Using GROUP BY WITH ROLLUP on column that contains NULL

you have a "solution", so by saying

I am wondering if there is a better solution.

I think you want to comment about it. Let me focus on several aspects:

  1. SELECT ID [...] GROUP BY word, independently of having or not a WITH ROLLUP is wrong. You are selecting a field whose value is undetermined. In particular, with MySQL you get exposed of returning a random value; or if you use an strict mode (recommended, and by default in the latest versions of MySQL), of the query to fail: 'db_9_b0ff7.test.ID' isn't in GROUP BY

  2. Be it formally or not, WITH ROLLUP Note- (I refer to MySQL implementation) is something that is nice to have in some cases because it avoids a double rescan of the table, but I have not seen a lot in production code. Nothing wrong with it, but they were an exclusive MSSQL feature until it was implemented on SQL1999, and either it was not available widely back in the day or, like in the case of MySQL it was a limited implementation.

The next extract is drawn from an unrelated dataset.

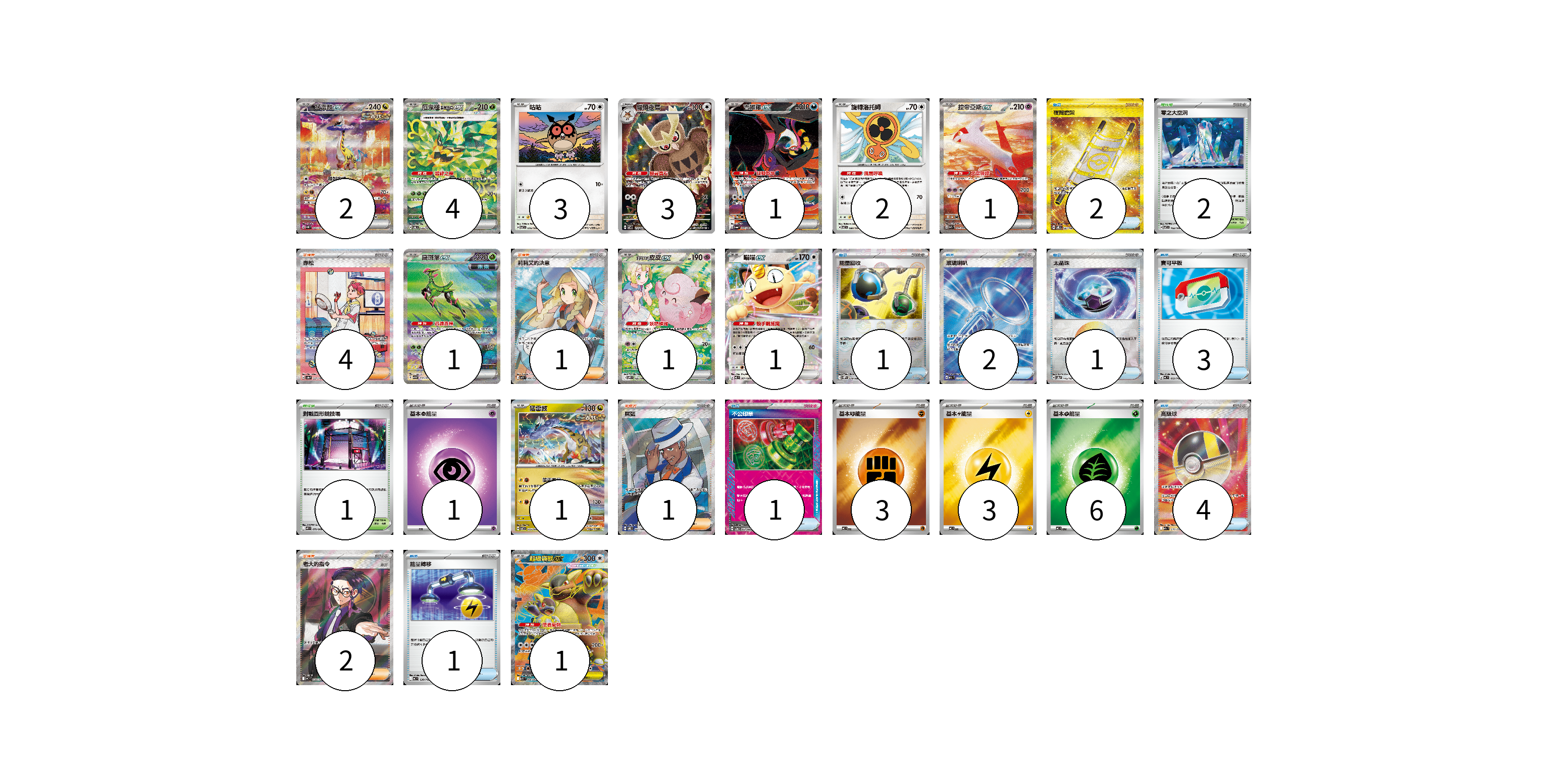 牌組構築方案 以此牌組為基礎新構築牌組 顯示卡面 顯示列表 寶可夢卡(21) 2 4 3 3 1 2 1 1 1 1 1 1 物品卡(15) 2 1 2 1 3 1 4 1 支援者卡(8) 4 1 1 2 競技場卡(3) 2 1 能量卡(13) 1 3 3 6 寶可夢卡(21) 卡牌名稱 張數 卡牌名稱 張數 猛雷鼓ex SV5K 095/071 02 厄鬼椪 碧草面具ex SV6 125/101 04 咕咕 SV7 076/102 03 貓頭夜鷹 SV7 114/102 03 吉雉雞ex SV6a 089/064 01 旋轉洛托姆 SV7 080/102 02 拉帝亞斯ex SV7a 087/064 01 鐵斑葉ex SV5M 093/071 01 莉莉艾的皮皮ex SV9 126/100 01 喵喵ex M3 061/080 01 猛雷鼓 SV7 075/102 01 超級袋獸ex M1S 080/063 01 物品卡(15) 卡牌名稱 張數 卡牌名稱 張數 夜間擔架 SV8 137/106 02 能量回收 SV11W 079/086 01 玻璃喇叭 M2a 215/193 02 太晶珠 SV8a 145/187 01 寶可平板 MC 662/742 03 不公印章 SV5a 053/066 01 高級球 M2a 216/193 04 能量轉移 MC 638/742 01 支援者卡(8) 卡牌名稱 張數 卡牌名稱 張數 赤松 SV8a 227/187 04 莉莉艾的決意 M1L 086/063 01 席藍 SV8 127/106 01 老大的指令(烏羽) MC 760/742 02 競技場卡(3) 卡牌名稱 張數 卡牌名稱 張數 零之大空洞 SV7 102/102 02 對戰圓形競技場 M2 079/080 01 能量卡(13) 卡牌名稱 張數 卡牌名稱 張數 基本【超】能量 MC PSY 01 基本【鬥】能量 MC FIG 03 基本【雷】能量 MC LIG 03 基本【草】能量 MC GRA 06 以此牌組為基礎新構築牌組 牌組編碼 tAkCWN-QIojLG-tcUjra copy 列印牌組單 牌組編碼已複製 分享至SNS

Reference: https://www.percona.com/blog/2007/09/17/using-group-by-with-rollup-for-reporting-performance-optimization/

  3. I do not see in principle a problem with your final query, if we run explain on both queries (without ID), we see:

    MariaDB [test]> EXPLAIN SELECT   if(count(word) = 0, "empty", ifnull(word, "total")) as word,   count(*) as occurrences FROM test group by word with ROLLUP\G
    *************************** 1. row ***************************
               id: 1
      select_type: SIMPLE
            table: test
             type: ALL
    possible_keys: NULL
              key: NULL
          key_len: NULL
              ref: NULL
             rows: 4
            Extra: Using filesort
    1 row in set, 1 warning (0.00 sec)
    
    Warning (Code 1052): Column 'word' in group statement is ambiguous
    MariaDB [test]> EXPLAIN SELECT   ifnull(word, "total") as word,   count(*) as occurrences FROM ( SELECT   ifnull(word, "empty") as word FROM test ) tmp GROUP BY word WITH ROLLUP\G
    *************************** 1. row ***************************
               id: 1
      select_type: SIMPLE
            table: test
             type: ALL
    possible_keys: NULL
              key: NULL
          key_len: NULL
              ref: NULL
             rows: 4
            Extra: Using filesort
    1 row in set, 1 warning (0.01 sec)
    

    Normally the hate towards MySQL is because its limitations on early versions of MySQL. I am not going to say that it is now perfect, there will be still issues, as MySQL development, as it has always been, focused on a fast, easy-in, easy-out RDBMS, and not a full-blown relational engine, but a subquery in the right place is ok (after all, some queries will require a subquery, no matter what. Your usage is ok- it will only have an overhead of going over the summarized rows again and I suppose on the real deal, those will not be significant compared to the full set.

    Note- on my instance up here, the subquery is not showed, but you can see it with materialized subqueries in 5.6 here: http://sqlfiddle.com/#!9/b0ff7/7 (It will execute the inner query and then the outer part, with no issue). An index could definitely help here (due to the filesort), but that depends on the final number of records. The subquery may hurt performance if an index (which does not exist now) cannot be used because it. You have to test your specific mysql version and create such an index.

  4. I think your problem is with the data model- in the SQL world (outside of Oracle) NULL is an unknown/invalid value. Seem to be correlating that to 'empty' which is not right- if a word is known to not exist, it should be '' (the empty string, not NULL). I do not know if you can change that, but I do not like your current model. I understand that you may not have something to say about it, so I will not focus on that. Alos you count NULL words? More reasons to use '' instead of NULL.
  5. Now the final question is, is it possible to do it without a subquery on MySQL, and will it be better/less ugly? I do not really see a way- we could do a join, but it will still be to a subquery. I can think of an alternative, which is:

    SELECT * FROM (
        SELECT   word,   
        count(*) as occurrences 
        FROM test 
        GROUP BY word with rollup) 
    tmp 
    ORDER BY occurrences;
    

    That makes sure that the last row contains the summary (and if there is other null, it is the actual null value). The order would happen even on the case of only null values. On the contrary, it may even slower as it requires ordering, and again you may need an index, and that index may or may not be used.


You can avoid subqueries and optimize for characters typed using this query:

SELECT
  ifnull(word, "empty") as word,
  count(*) as occurrences
FROM test
GROUP BY ifnull(word, "empty") WITH ROLLUP
;

This basically replaces null values with your "empty" marker before grouping is performed:

  • null counts can be found in row containing "empty" value in grouping column
  • total counts can be found in row containing null value in grouping column

Similar approach can be used for PostgreSQL, this should not be necessary for SQL Server as it provides a special GROUPING function.